[DIRECTIONS]: The copy should begin at the line containing "La Région Grand" and end at the last line of the material. Please reproduce those lines exactly and keep pictures out.

[EXCERPTED DATA]:

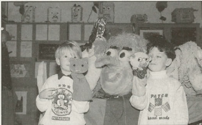
Mladi lutkarji na OŠ Podlehnik

Premalo odraslih se odloča, da bi si ogledalo lutkovno predstavo, zato ne vedo, kaj so zamudili. Tudi otroke velikokrat prikrajšamo ravno zaradi nas samih. Toda lutke so najbolj neposreden dedič obrednega gledališča, namenjenega odraslim. Otroku dajemo možnosti, da se izraža s svinčnikom, s čopičem, z besedo, z instrumentom, na gib pa skoraj pozabimo. Gibanje ni le sproščanje energije ali rekreacija, temveč tudi človekov izpovedno - umetniški izraz. Izrabimo priložnost na vsakem koraku in otroku ponudimo tudi lutko! Lutka naj bo prepričljiv in vpliven posrednik pisane besede, slike in glasbe, zato se z njo lahko uspešno borimo proti kiču, šundu in cenenosti. Svet lutk naj bi bil prvo srečanje otroka z umetnostjo. Lutka pa ni le pomanjšan človek, počenja pa vse tisto, kar bi radi počeli otroci.
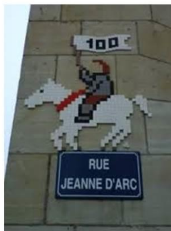
Et la centième, créée récemment

Ces images, nous sommes passés devant des dizaines de fois, mais nous marchons rarement le nez en l'air !
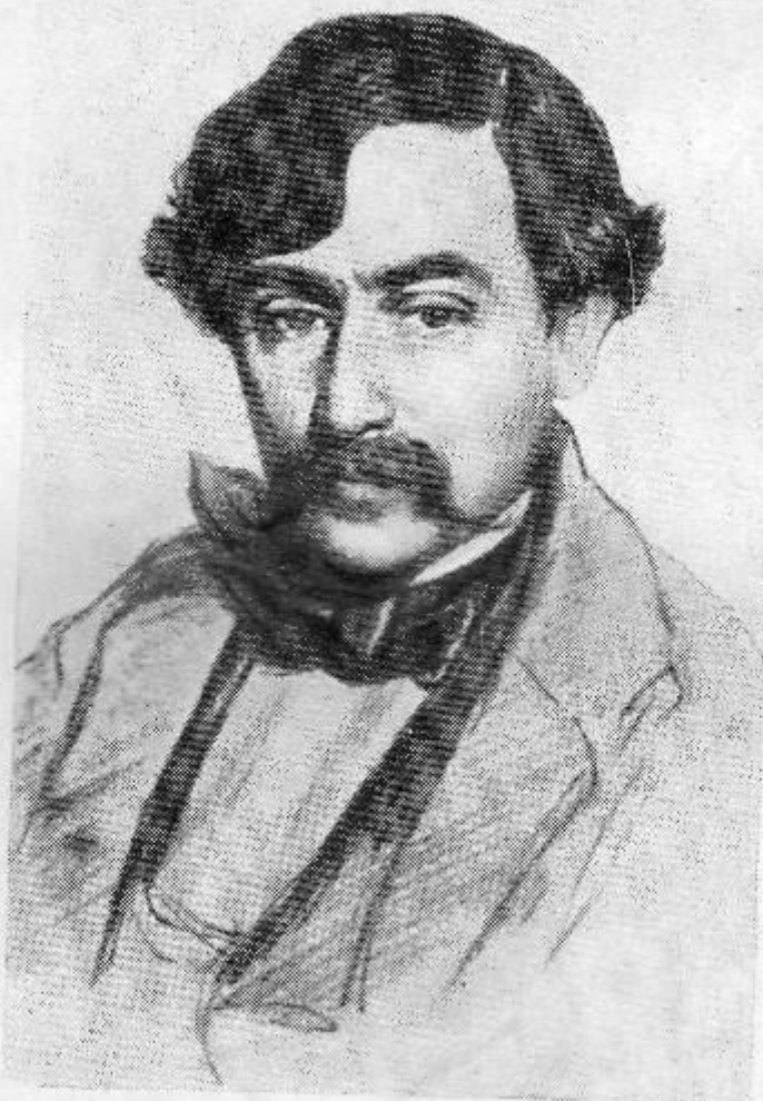
Иван Панаев, муж Авдотьи Яковлевны Панаевой
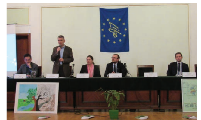
Konferencja prasowa podsumowująca projekt. Press conference summarizing the project.
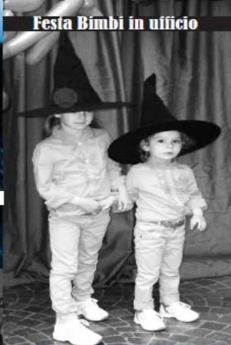
Festa Bimbi in ufficio
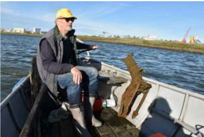
Was het een brommer of zat er meer in?
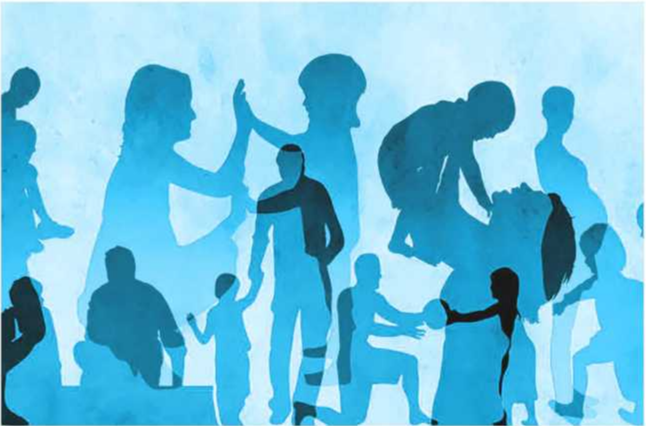
سایه بان آرامش | عوامل مؤثر بر انسجام خانواده

▲ انسجام خانوادگی به چه معنا است و چه عواملی در آن مؤثر است؟
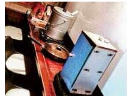
燻製の体験メニューもあります。

何かをやりたいと思っても、どうしていいかわからずあきらめてしまう人もいるかと思いますが、相談窓口はいろいろありますし、積極的に相談すれば何か道が開けると思います。 自分に負けるな！
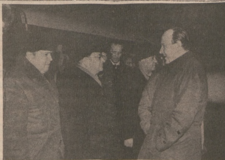
MOSKWA — W Moskwie bawił w wizytę minister spraw zagranicznych Niemiec Zachodnich Hans-Dietrich Genscher. Na lotnisku powitał go zastępca ministra spraw zagranicznych ZSRR G. Kornienko.

Wzrasta też znacznie ilość powołań kapłańskich, których w 1979 r. było 5,845, w tym 1,666 seminarzystów zakonnych, a w 1984 r. — 8,130 (2,765 seminarzystów).
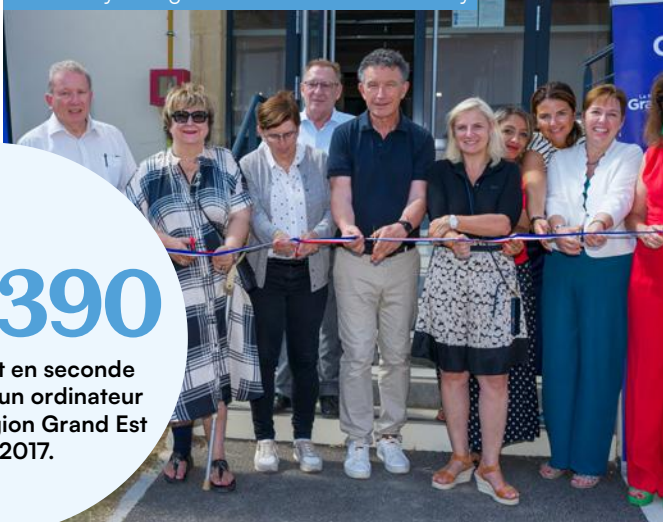
Visite au lycée agricole de Courcelles-Chaussy

La Région Grand Est engage 34 millions d'euros dans la restructuration du lycée professionnel Dominique Labroise. L'objectif est notamment de rénover les ateliers dédiés à la formation dans 3 métiers : verrerie, électricité et automobile.
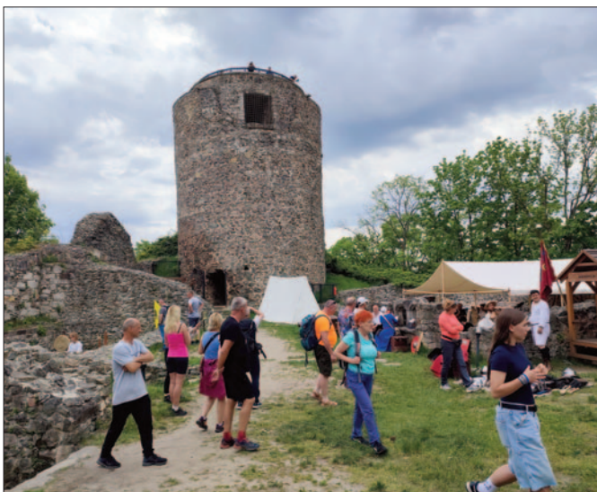
Łupki – Zamek Wleń

mity punkt widokowy. Stąd mamy około 7 km relaksowej wędrówki do Chełmska Śląskiego, w którym połowa mieszkańców wywodzi się z Sądecczyzny, a przez środek miejscowości przebiega ulica Sądecka. W 1945 roku Chełmsko Śląskie utraciło prawa miejskie i do chwili obecnej pozostaje wsią, słynącą przede wszystkim z tradycji tkackich. To właśnie Domy Tkaczy, zwane Dwunastoma Apostołami są najbardziej rozpoznawalnym zabytkiem Chełmska Śląskiego. W jednym z nich mieści się Izba Tkacka, gdzie wysłuchujemy fascynującej opowieści o historii tego miejsca związanego z uprawą lnu i tkactwa. W izbie można zobaczyć jak funkcjonuje kołowrotek
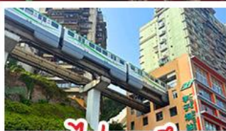
รถไฟทะลุคด
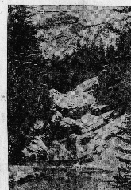
米海軍果して 劣勢乎
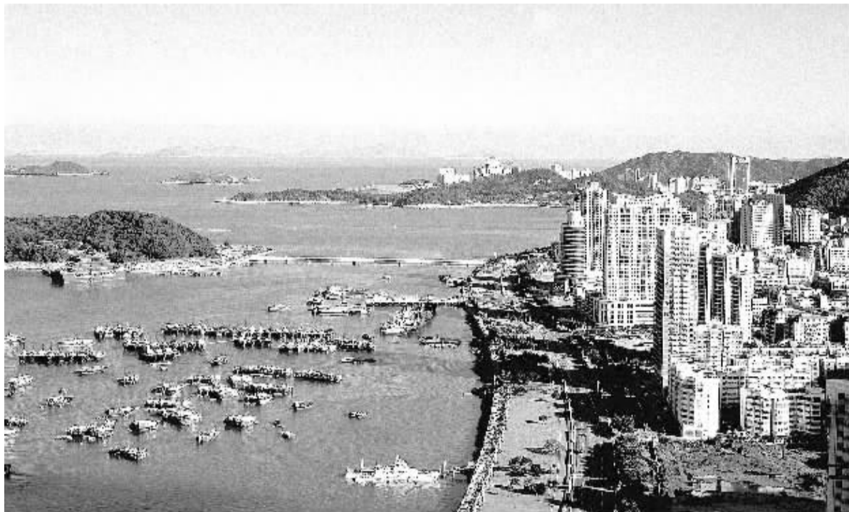
图为珠海市香洲区一景。本报记者 李茹萍摄
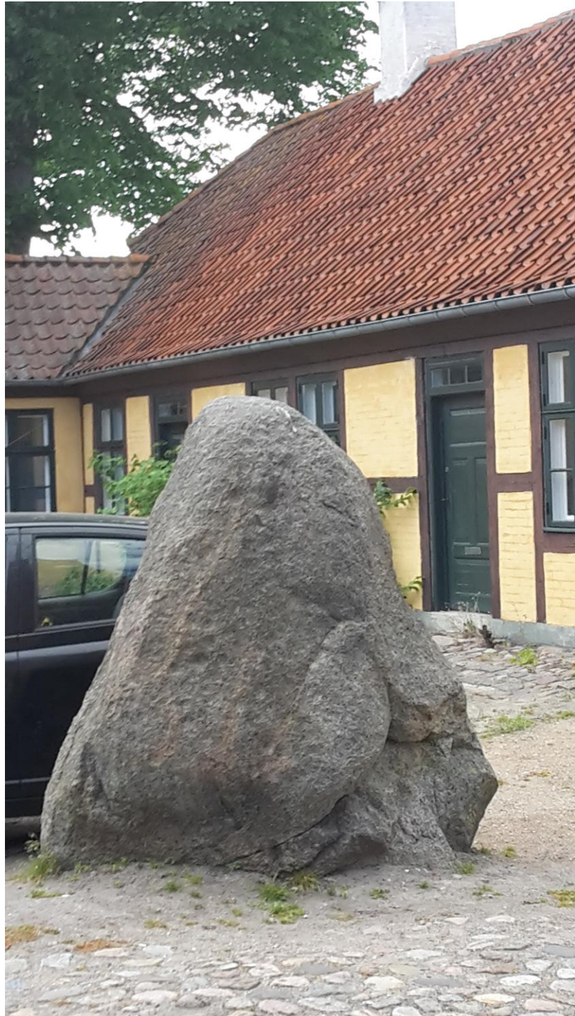
Bautasten med mange skåltegn, placeret overfor hovedindgangen til Roskilde Domkirke

TVÆRPILEN – VESTEENNS AMATØRRARKÆOLOGISKE FORENING
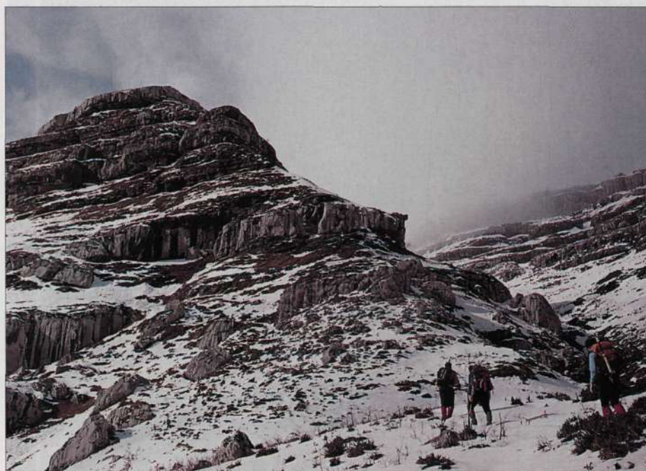
Las estribaciones del macizo adquieren una bella imagen en invierno.

Ni nosotros ni nadie podría subir ya a Las Motas.
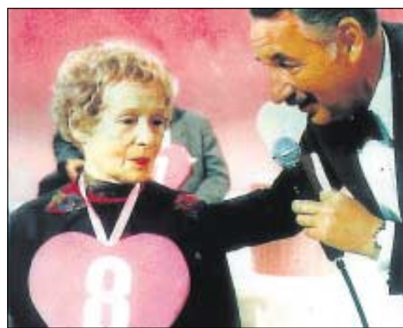
Philippe Noiret, présentateur de jeux télévisés.

« Noiret s'était fait la tête de Bellemare »
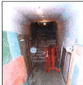
Escaleras de acceso

[ANSWER SPACE]:
La Région Grand Est engage 34 millions d'euros dans la restructuration du lycée professionnel Dominique Labroise. L'objectif est notamment de rénover les ateliers dédiés à la formation dans 3 métiers : verrerie, électricité et automobile.
Łupki – Zamek Wleń

mity punkt widokowy. Stąd mamy około 7 km relaksowej wędrówki do Chełmska Śląskiego, w którym połowa mieszkańców wywodzi się z Sądecczyzny, a przez środek miejscowości przebiega ulica Sądecka. W 1945 roku Chełmsko Śląskie utraciło prawa miejskie i do chwili obecnej pozostaje wsią, słynącą przede wszystkim z tradycji tkackich. To właśnie Domy Tkaczy, zwane Dwunastoma Apostołami są najbardziej rozpoznawalnym zabytkiem Chełmska Śląskiego. W jednym z nich mieści się Izba Tkacka, gdzie wysłuchujemy fascynującej opowieści o historii tego miejsca związanego z uprawą lnu i tkactwa. W izbie można zobaczyć jak funkcjonuje kołowrotek
รถไฟทะลุคด
米海軍果して 劣勢乎
图为珠海市香洲区一景。本报记者 李茹萍摄
Bautasten med mange skåltegn, placeret overfor hovedindgangen til Roskilde Domkirke

TVÆRPILEN – VESTEENNS AMATØRRARKÆOLOGISKE FORENING
Las estribaciones del macizo adquieren una bella imagen en invierno.

Ni nosotros ni nadie podría subir ya a Las Motas.
Philippe Noiret, présentateur de jeux télévisés.

« Noiret s'était fait la tête de Bellemare »
Escaleras de acceso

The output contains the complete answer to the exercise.